Yesterday  I led off with a mention of the Supreme Court’s ruling on Bob McDonnell. Lo and Behold, (I have always wondered who came up with Lo and Behold. I looked it up and learned that it comes from 18th century literature of “look and see”, which makes no sense to me. So, no charge for such blog inclusion!) … so back to our regularly scheduled programming of “Lo and behold”.

Anyway, it caught my attention that McDonnell’s conviction was vacated by a unanimous ruling of the Supreme Court. The Court did note that it found the case to be “distasteful” and full of “tawdry tales”. But, elected officials will breath a sigh of relief about free trips and free lunches with lobbyists now.

In the meantime, the government will have to decide if it will retry McDonnell.

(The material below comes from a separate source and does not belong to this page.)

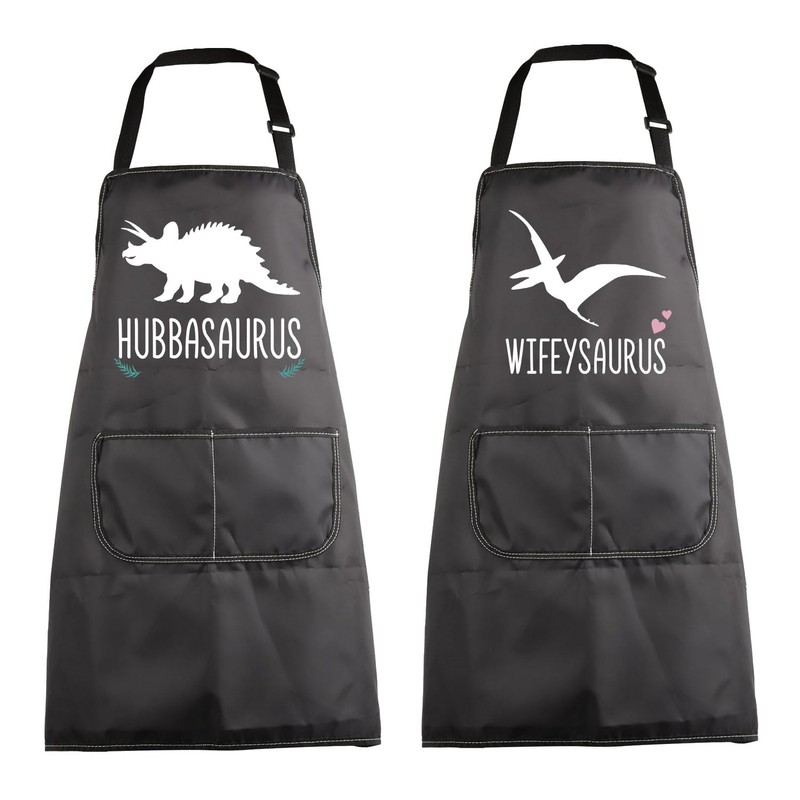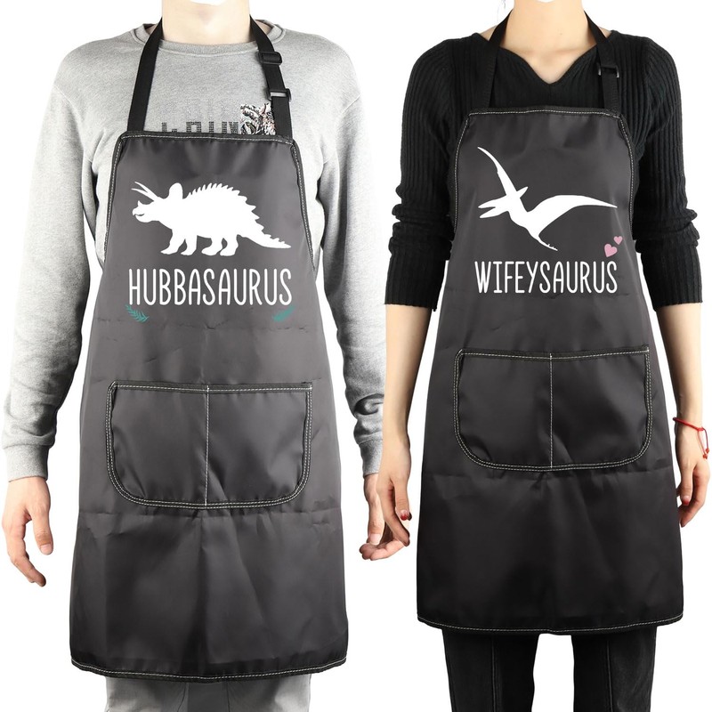 - HUBBASAURUS Apron+WIFEYSAURUS Apron fabric is thick, wear-resistant, durable, non-pilling and easy to clean, they are effectively to keep your clothes clean and dry. Awesome gifts for husband wife bridal shower gifts, wedding gifts for the couple engagement gifts, wedding anniversary gifts, couples wedding aprons for newlyweds, funny bride groom gifts.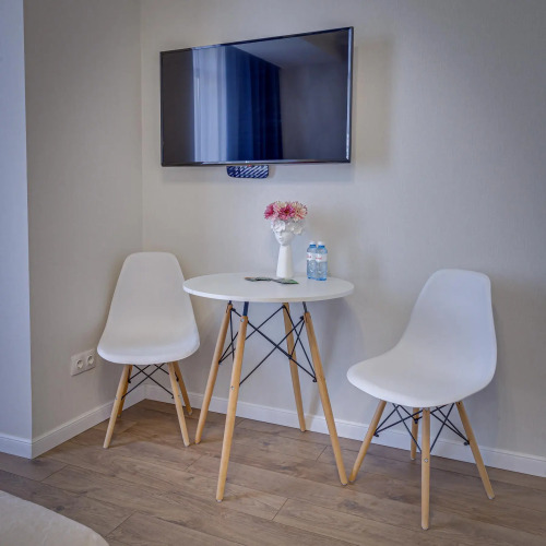 В номере вы найдёте телевизор. Оснащение зависит от выбранной категории номера.

My guess is no. Also, Bob will be receive his full entitled pension; decide if he wants to get back into politics; or become president of either Regent University or Liberty University. That’s just my guess.

Also, the judge in the Federal court jury trial, Judge Spencer, will now always be remembered for this case and that his rulings were overturned. No judge likes to be overturned on appeal.

And what does Bob McDonnell think about the Supreme Court’s ruling. Well, apart from a great sense of relief, I think that his attorney verbalized it best when he said, “We thank the Supreme Court for unanimously bringing justice back into the picture for the McDonnells”. Now that’s a parting shot at Judge Spencer!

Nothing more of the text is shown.